또한 영상촬영장치는 피사체로부터의 광학 신호를 입력하는 광학부, 광학부를 통해 입력된 광학 신호를 전기 신호로 변환하는 촬상 소자, 촬상 소자로부터 제공된 전기 신호에 대해 노이즈 저감 처리, 디지털 신호로 변환 처리 등의 신호 처리를 행하는 입력 신호 처리부,광학부를 구동하는 모터, 모터의 동작을 제어하는 구동부를 구비할 수 있다. 또한, 사용자의 조작 신호를 입력하는 사용자 입력부, 입력 영상의 데이터, 연산 처리를 위한 데이터, 처리 결과 등을 임시 저장하는 SDRAM, 플래시 메모리, 영상 파일을 저장하는 기록 장치로서 SD/CF/SM 카드 등을 더 구비할 수 있다. 또한, 영상촬영장치에 구비된 촬상 소자로 CMOS(Complementary Metal Oxide Semiconductor) 센서 어레이, CCD(Charge coupled device) 센서 어레이 등을 사용할 수 있다. In addition, the image photographing apparatus includes an optical unit for inputting an optical signal from a subject, an imaging device for converting an optical signal input through the optical unit into an electrical signal, a noise reduction process for the electrical signal provided from the imaging device, a conversion process for a digital signal, and the like. An input signal processor for performing signal processing of the motor, a motor for driving the optical unit, and a driver for controlling the operation of the motor. In addition, a user input unit for inputting a user's operation signal, SDRAM for temporarily storing data of input image, data for arithmetic processing, processing result, flash memory, SD / CF / SM card, etc. as a recording device for storing image file. It may be further provided. In addition, as an imaging device included in the image photographing apparatus, a CMOS (Complementary Metal Oxide Semiconductor) sensor array, a charge coupled device (CCD) sensor array, or the like may be used.

도 3 에 도시된 영상촬영장치(300)의 각 구성은 다음과 같은 특징이 있다. Each configuration of the image capturing apparatus 300 illustrated in FIG. 3 has the following characteristics.

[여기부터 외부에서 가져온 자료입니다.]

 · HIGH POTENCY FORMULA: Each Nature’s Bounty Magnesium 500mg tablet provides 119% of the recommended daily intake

출력프레임설정부(310)는 영상촬영장치로부터 입력되는 입력프레임의 일부를 출력프레임으로 설정하도록 구현된다. 도 4 를 참고하면, 출력프레임설정부(310)는 입력프레임(400)에서 (n-1)번째 출력프레임(410) 또는 n번째 출력프레임(420)를 각각 설정할 수 있다. The output frame setting unit 310 is implemented to set a part of the input frame input from the image photographing apparatus as an output frame. Referring to FIG. 4, the output frame setting unit 310 may set the (n−1) th output frame 410 or the n th output frame 420 in the input frame 400, respectively.

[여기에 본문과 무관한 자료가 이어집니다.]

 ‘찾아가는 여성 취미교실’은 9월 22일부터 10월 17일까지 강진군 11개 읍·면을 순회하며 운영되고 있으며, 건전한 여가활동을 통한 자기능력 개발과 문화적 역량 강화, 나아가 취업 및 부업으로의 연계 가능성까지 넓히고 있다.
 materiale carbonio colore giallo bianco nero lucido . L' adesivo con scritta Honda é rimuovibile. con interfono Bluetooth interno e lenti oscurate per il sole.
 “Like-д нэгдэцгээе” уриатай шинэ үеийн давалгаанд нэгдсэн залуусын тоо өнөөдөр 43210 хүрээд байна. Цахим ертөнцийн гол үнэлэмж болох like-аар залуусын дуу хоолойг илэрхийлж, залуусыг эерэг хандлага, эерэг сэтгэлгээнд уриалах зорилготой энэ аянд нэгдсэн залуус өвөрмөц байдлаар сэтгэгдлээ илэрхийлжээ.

목표단어결정부(320)는 출력프레임에 OCR기법을 적용하여 예측된 출력프레임 내의 각 단어의 위치, 각 단어의 영역과 출력프레임의 중심좌표를 이용하여 출력프레임 내에서 목표단어를 결정할 수 있다. 목표단어결정부(320)에서는 현재 출력프레임 정보만을 이용하여 목표단어를 결정하거나 또는 이전 출력프레임 정보를 더 이용하여 목표단어를 결정할 수 있다. The target word determiner 320 may determine the target word in the output frame by applying the OCR technique to the output frame using the position of each word in the predicted output frame, the region of each word, and the center coordinate of the output frame. The target word determiner 320 may determine the target word using only the current output frame information or may further determine the target word using the previous output frame information.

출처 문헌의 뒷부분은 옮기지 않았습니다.